The IL-2R subfamily of receptors for IL-2, IL-4, IL-7, IL-9 and IL-15 all are known to have a common signal-transducing gamma chain. Each one of these has a unique cytokine-specific alpha chain. IL-2 and IL-15 are trimers and also can share IL-2R beta chain. Monomeric IL-2R alpha is found to have low affinity for IL-2, where the dimeric IL-2R beta/gamma has intermediate affinity, and trimeric IL-2R alpha/beta/gamma bind to IL-2 with high affinity. IL-2R alpha chain (Tac) is expressed only by activated but not resting T cells, whereas resting T cells and NK cells are able to constitutively express low numbers of IL-2R beta/gamma. The activation of antigen causes stimulation of T cell expression with high affinity IL-2R trimers, in addition to the secretion of IL-2. This process can allow the autocrine stimulation of T cell proliferation in an antigen-specific manner. The antigen specificity of the immune response is essentially maintained by the close proximity of antigen-presenting B cells and macrophages with their respective helper T cells, in order that cytokines are able to secrete in the direction of and close to the membrane of the target cell. There is evidence for X-linked severe combined immunodeficiency (X-scid) which is the result of a defect in IL-2R family gamma chain and this often leads to loss of activity from this family of cytokines.

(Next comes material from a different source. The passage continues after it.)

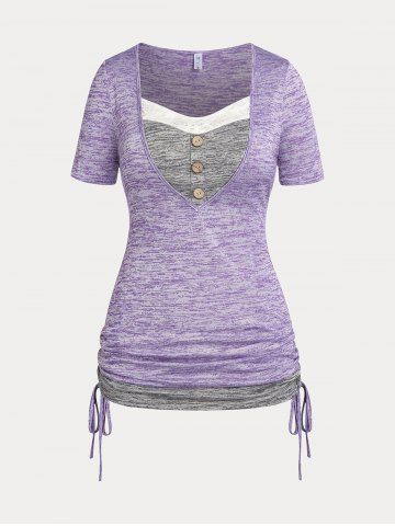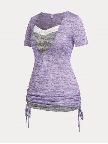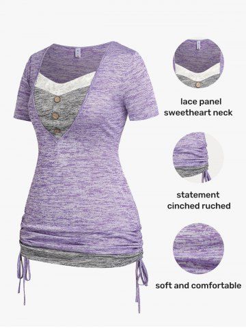 p*****u4Plus Size & Curve Lace Panel Cinched Ruched Space Dye T ShirtColor: LIGHT PURPLE Size: 1X | US 14-16thought i ordered an xl but i guess i order a 1x. so it is a little big but I'm sure it will shrink to perfect size after a few washes

During an immune responses the fragments of membrane receptors can be shed and these then are able to compete for cytokine binding. The activity of cytokines can therefore be blocked by these antagonists (i.e. molecules which can bind cytokines or their receptors). An example of this is when IL-1 has a specific antagonist that can block the binding of IL-1 alpha and IL-1 beta to their receptor. Finally, microbes can also directly influence cytokine activities. For example, the Vaccinia virus (Cowpox and Smallpox) is encoding soluble molecules that are able to bind IFN-gamma, whereas the Epstein-Barr virus (Infectious Mononucleosis) is able to encode a molecule homologous to IL-10 that has the ability to suppress the immune function in the host.